Di era digital yang semakin maju, kecerdasan buatan (AI) kini mulai menyentuh hampir seluruh aspek kehidupan, termasuk dalam dunia hukum. Di tengah lonjakan penggunaan teknologi, muncul pertanyaan penting: apakah mungkin suatu hari nanti, robot atau sistem berbasis AI dapat menggantikan hakim manusia dalam mengadili perkara?
Untuk menjawab pertanyaan ini, kita perlu memahami dua hal utama. Pertama, pengertian proses peradilan. Menurut Prof. Sudikno Mertokusumo, proses peradilan adalah rangkaian kegiatan mulai dari pengajuan gugatan atau tuntutan hingga adanya putusan yang mengikat dan dapat dilaksanakan. Proses ini bukan hanya soal penerapan aturan hukum, tetapi juga soal rasa keadilan dan empati.
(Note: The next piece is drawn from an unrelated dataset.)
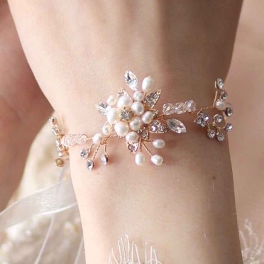 【ブレスレット】ブライダルブレスレット 小枝ブレスレット ビジュー ゴールド n2 【結婚式 ブレスレット】

Kedua, penting memahami apa itu algoritma. Menurut Nick Bostrom, pakar AI dari Oxford University, algoritma adalah serangkaian instruksi logis dan matematis yang digunakan mesin untuk menyelesaikan masalah atau membuat keputusan. Meskipun algoritma dapat dianalisis dan diprogram, ia tidak memiliki nurani atau intuisi seperti manusia.
Mahkamah Agung (MA) sebagai lembaga yudikatif telah mengambil langkah bijak dengan menerapkan sistem teknologi informasi seperti e-court dan e-litigation. Langkah ini menunjukkan keterbukaan terhadap kemajuan teknologi, tanpa mengorbankan prinsip keadilan. MA memanfaatkan AI untuk meningkatkan efisiensi administratif, bukan untuk menggantikan tugas inti hakim.
Namun demikian, penggunaan AI dalam peradilan tetap menyisakan tantangan etis. Putusan hukum bukanlah semata hasil logika kaku. Hakim harus menimbang konteks sosial, latar belakang terdakwa, serta dampak sosial dari setiap keputusan. Di sinilah peran manusia tak tergantikan.
Dalam konteks ini, peran MA sangat krusial. Selain menetapkan regulasi tentang pemanfaatan teknologi peradilan, MA juga bertugas menjaga agar proses pengambilan keputusan tetap manusiawi dan tidak hanya didikte oleh sistem. MA perlu menyusun kebijakan etis terkait AI agar tidak disalahgunakan.
Harapannya, teknologi tetap menjadi alat bantu, bukan pengganti keadilan itu sendiri. AI memang bisa membantu meringankan beban administratif, namun sentuhan nurani tetap harus dimiliki oleh para hakim sebagai penjaga keadilan di tengah tantangan era digital.